Determining the Sex of Skeletons Hundreds of Year Old with NanoLC–MS/MS

Determining the sex of a skeleton hundreds of years old is an essential ability in the study of past human populations, as well as for establishing human identity in forensic contexts. Traditional macroscopic sex estimation methods in bioarchaeology are dependent on the presence and study of sexually dimorphic skeletal elements, including unnamed bones and the skull. Rebecca Gowland and her colleagues in the Department of Archaeology at Durham University in the United Kingdom have tested, for the first time, the applicability of a new method of sex estimation utilizing enamel peptides from a sample of permanent and deciduous teeth at different stages of mineralization, from nonadults of unknown sex, including perinates (pertaining to the time from one month prior to birth to one month after), and using a minimally destructive acid etching procedure and subsequent nano liquid chromatography– tandem mass spectrometry (nanoLC–MS/MS). Gowland spoke to us about her efforts, with additional information provided by co-authors of their resulting paper (1), Heidi Shaw of the Department of Archaeology at Durham University and Nicolas A. Stewart of the School of Pharmacy and Biomolecular Sciences at the University of Brighton in the United Kingdom.

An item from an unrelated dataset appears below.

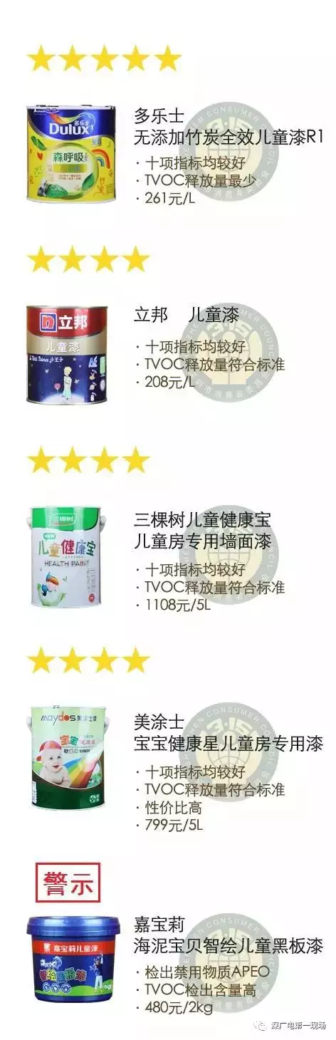 3、5款儿童漆评出:5星产品1款,4星产品3款↓↓↓

You stated that the objective of your study was to test, for the first time, the applicability of a new method of sex estimation utilizing enamel peptides on a sample of both permanent and deciduous teeth (also known as “milk teeth” or “baby teeth”) at different stages of mineralization, from nonadults of unknown sex, including perinates. Why did you decide to test tooth enamel in your research? What is the estimated accuracy of this method of sex estimation going forward?

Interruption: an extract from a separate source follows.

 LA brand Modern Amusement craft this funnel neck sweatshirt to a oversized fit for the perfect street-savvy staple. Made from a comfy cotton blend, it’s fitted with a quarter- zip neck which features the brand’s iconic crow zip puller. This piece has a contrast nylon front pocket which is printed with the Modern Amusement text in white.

Dental enamel is the outermost tissue that covers the tooth crown. It is the hardest, densest, and most calcified tissue in the human body. The unique physical characteristics of enamel make it a particularly useful material for biochemical analyses. Namely, it is highly resistant to post-mortem diagenesis compared to other human tissues used in biochemical studies, such as bone and tooth dentine. Human tooth enamel also has the unique distinction of containing a small amount of proteins (<1%), which consist mainly of the heterogenous amelogenin proteins (AMELX and AMELY).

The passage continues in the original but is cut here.